• What you will do:
The material below holds the lines to copy: from the one with "- отливка на" up to and including the one with "1883-1942, Prinz (2.". Copy them exactly and skip the pictures.

═══ Dataset ═══

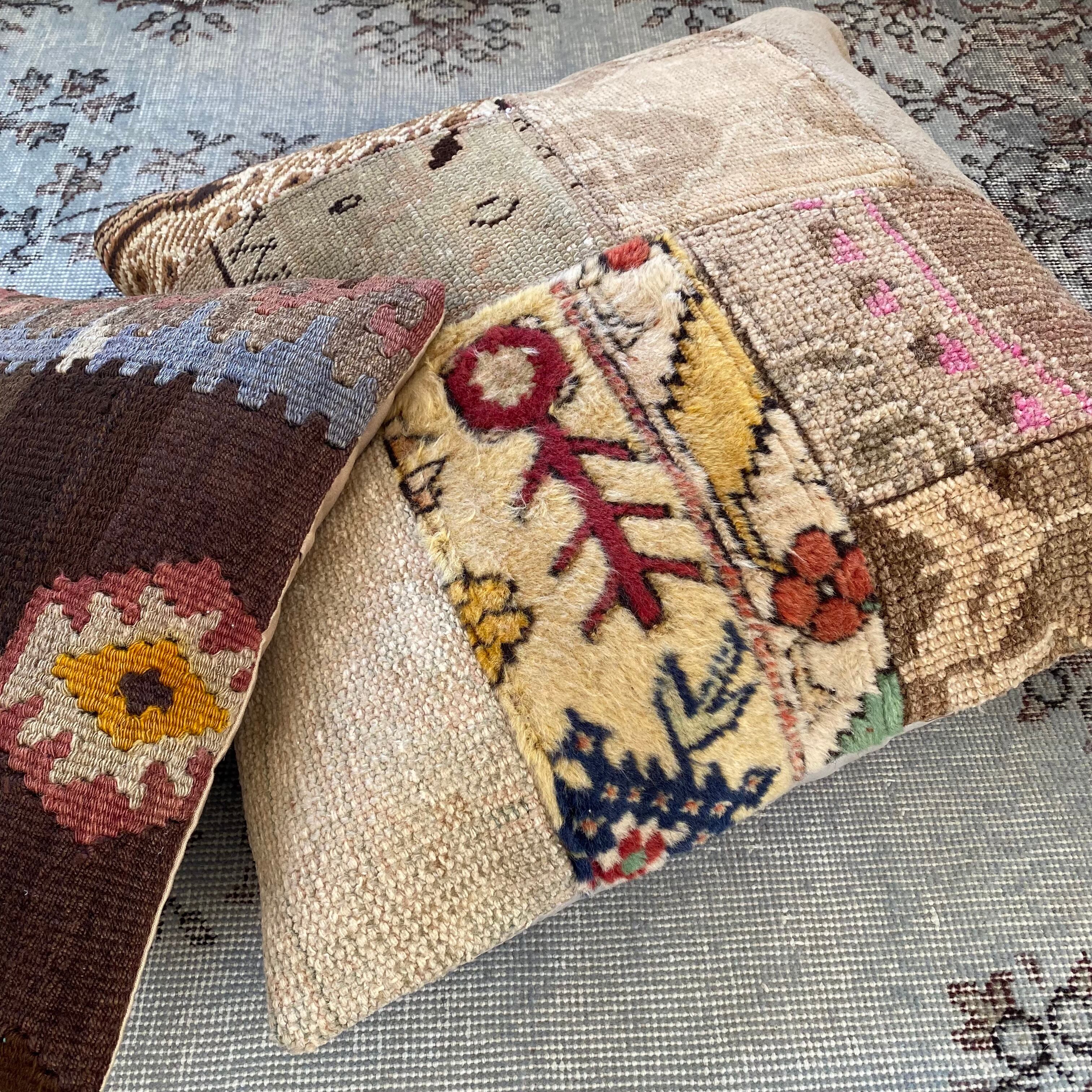 色々なビンテージラグの端切れからリメイクされたクッションカバー。
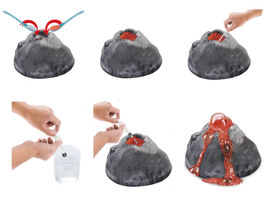 - отливка на вулкан, плик с лимонена киселина, плик с натриев хидрогенкарбонат, мерителна лъжичка, спринцовка, бъркалка, мерителна чашка, чукче, длето, четчица, картон с илюстрация на вулкан, илюстрирано ръководство (описание на английски)
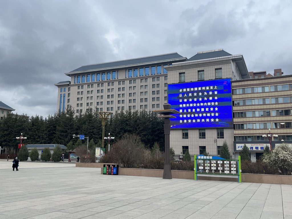 合作很符合一个高原小城的印象,街道相对工整,一条小河穿城而过,行人和车辆都不算多,整体氛围比较安静。市中心是一个(应该是拿大量转移支付)建成的世纪广场,州委和州政府分立与东西两侧,“坚决维护国家安全”的标语在大屏幕上滚动播放,十分气派。合作原名“黑措”,建国初期取民族和睦团结之意改名合作,沿用至今。在黄河上游一带这样的地名还有很多,例如海南的共和,黄南的同仁,海北的海晏,不过后面这三个都是民国时期取的名。
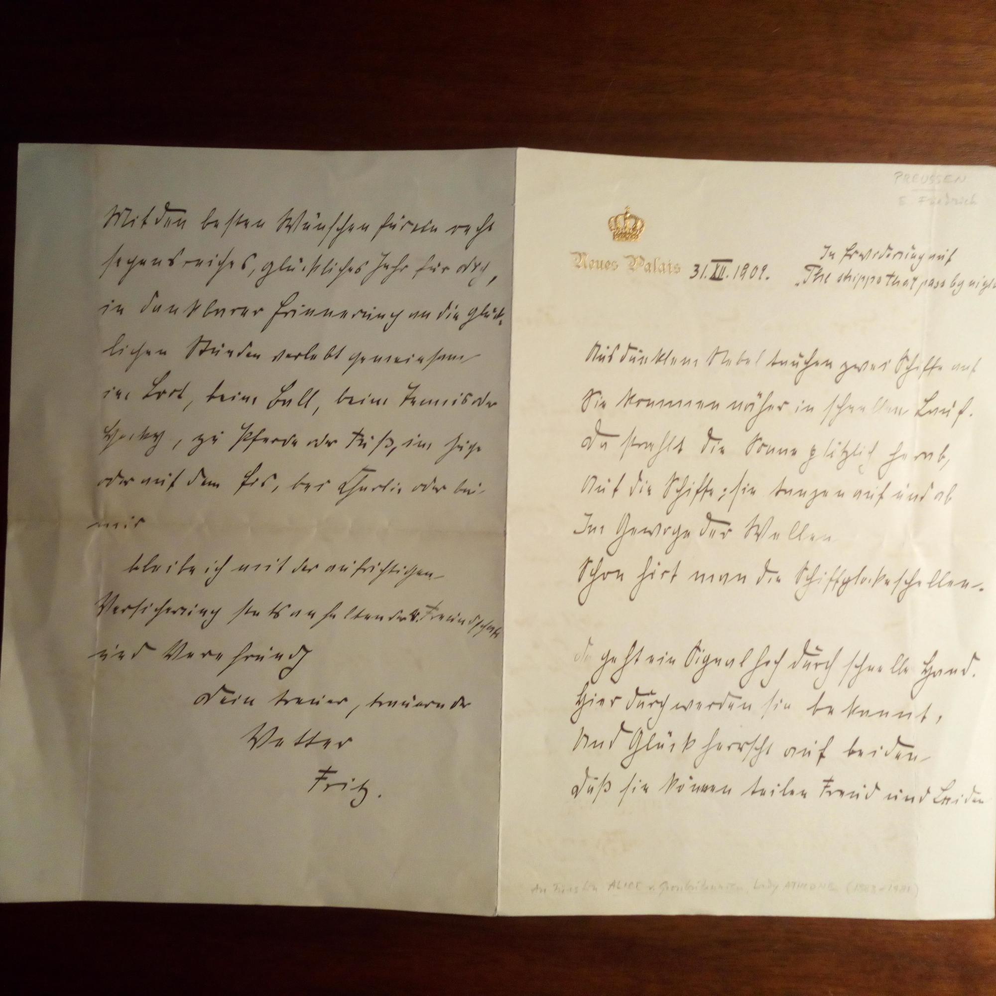 1883-1942, Prinz (2. Sohn von Kaiser Wilhelm II.), General - E. Brief mit U., golden gepr. Emblem "Neues Palais", 31.12.1909, 4 S. 8°, kl. Gebr.spuren. An Prinzessin Alice von Großbritannien (1883-1981, Enkelin von Queen Victoria, spät. Countess of Athlone) - E. Gedicht ...In Erwiderung auf "The shipps that pass by night" (von Henry W. Longfellow): Aus dunklem Nebel tauchen zwei Schiffe auf/ Sie kommen näher in schnellem Lauf... (36 Z.). Auf letzter Seite ausführl. Neujahrsgrüße "in Erinnerung an die glücklichen Stunden verlebt gemeinsam im Boot, beim Ball...zu Pferde oder zu Fuß...oder auf dem Eis...Dein treuer, trauernder Vetter Fritz...
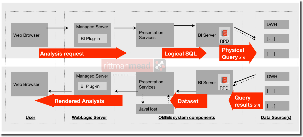 Looking at the following diagram of a request/response through the OBIEE stack we can see that so far as data is concerned, it is the BI Server doing all the work, handling both logical and physical SQL and data sets:
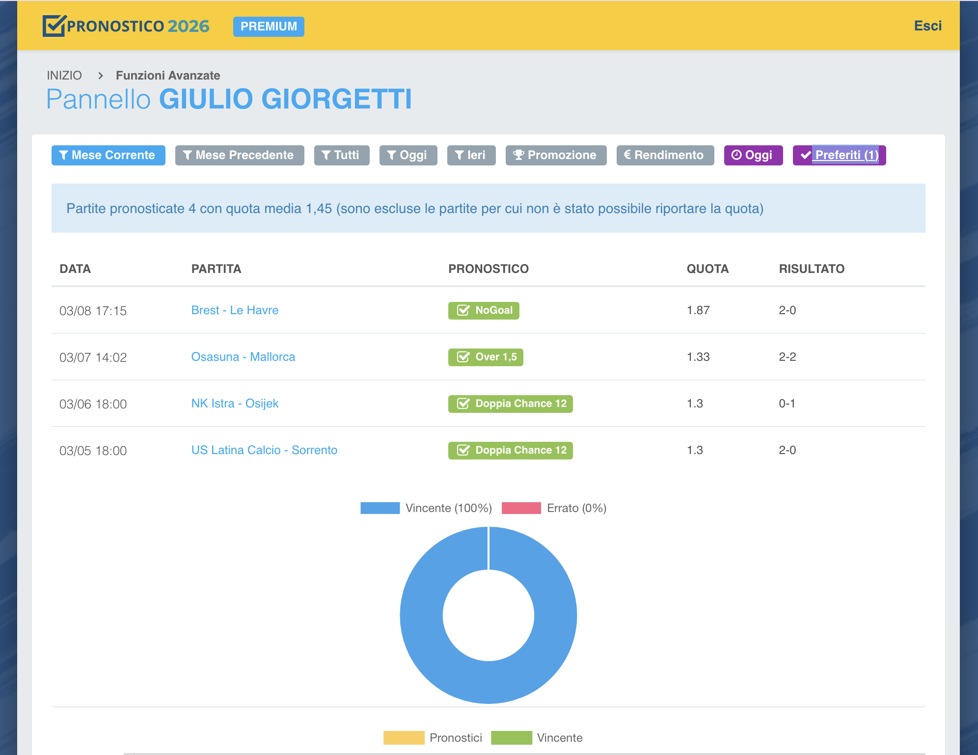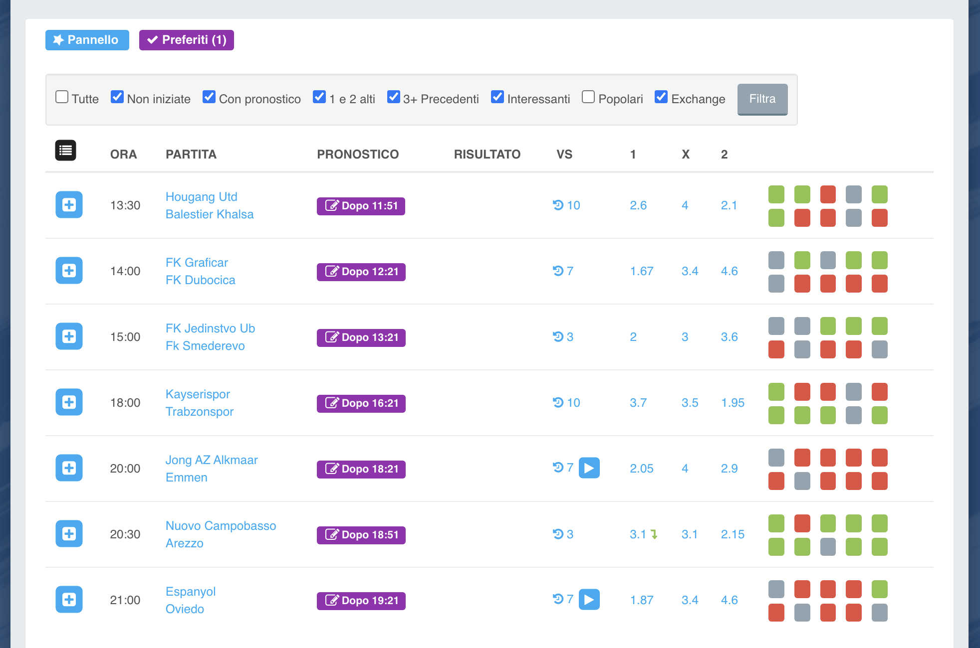 Per le giornate con tante partite o se comunque preferite avere sempre anche un confronto con il pronostico ufficiale di Pronostico.it selezionate anche il filtro “con pronostico”.
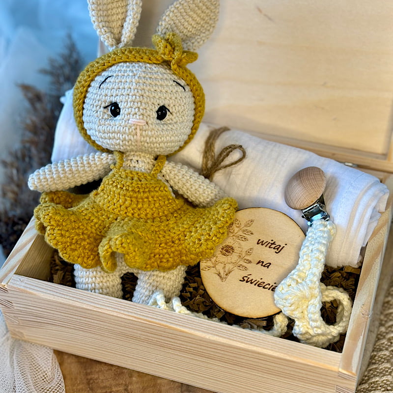 Nasze gotowe zestawy prezentowe zawierają starannie dobrane produkty, takie jak misie ręcznie wykonane, pieluszki muślinowe, body niemowlęce z haftem oraz drewniane grzechotki. Zestawy są pakowane w eleganckie, personalizowane drewniane pudełka.

═══

• Task output:
 - отливка на вулкан, плик с лимонена киселина, плик с натриев хидрогенкарбонат, мерителна лъжичка, спринцовка, бъркалка, мерителна чашка, чукче, длето, четчица, картон с илюстрация на вулкан, илюстрирано ръководство (описание на английски)
 合作很符合一个高原小城的印象,街道相对工整,一条小河穿城而过,行人和车辆都不算多,整体氛围比较安静。市中心是一个(应该是拿大量转移支付)建成的世纪广场,州委和州政府分立与东西两侧,“坚决维护国家安全”的标语在大屏幕上滚动播放,十分气派。合作原名“黑措”,建国初期取民族和睦团结之意改名合作,沿用至今。在黄河上游一带这样的地名还有很多,例如海南的共和,黄南的同仁,海北的海晏,不过后面这三个都是民国时期取的名。
 1883-1942, Prinz (2. Sohn von Kaiser Wilhelm II.), General - E. Brief mit U., golden gepr. Emblem "Neues Palais", 31.12.1909, 4 S. 8°, kl. Gebr.spuren. An Prinzessin Alice von Großbritannien (1883-1981, Enkelin von Queen Victoria, spät. Countess of Athlone) - E. Gedicht ...In Erwiderung auf "The shipps that pass by night" (von Henry W. Longfellow): Aus dunklem Nebel tauchen zwei Schiffe auf/ Sie kommen näher in schnellem Lauf... (36 Z.). Auf letzter Seite ausführl. Neujahrsgrüße "in Erinnerung an die glücklichen Stunden verlebt gemeinsam im Boot, beim Ball...zu Pferde oder zu Fuß...oder auf dem Eis...Dein treuer, trauernder Vetter Fritz...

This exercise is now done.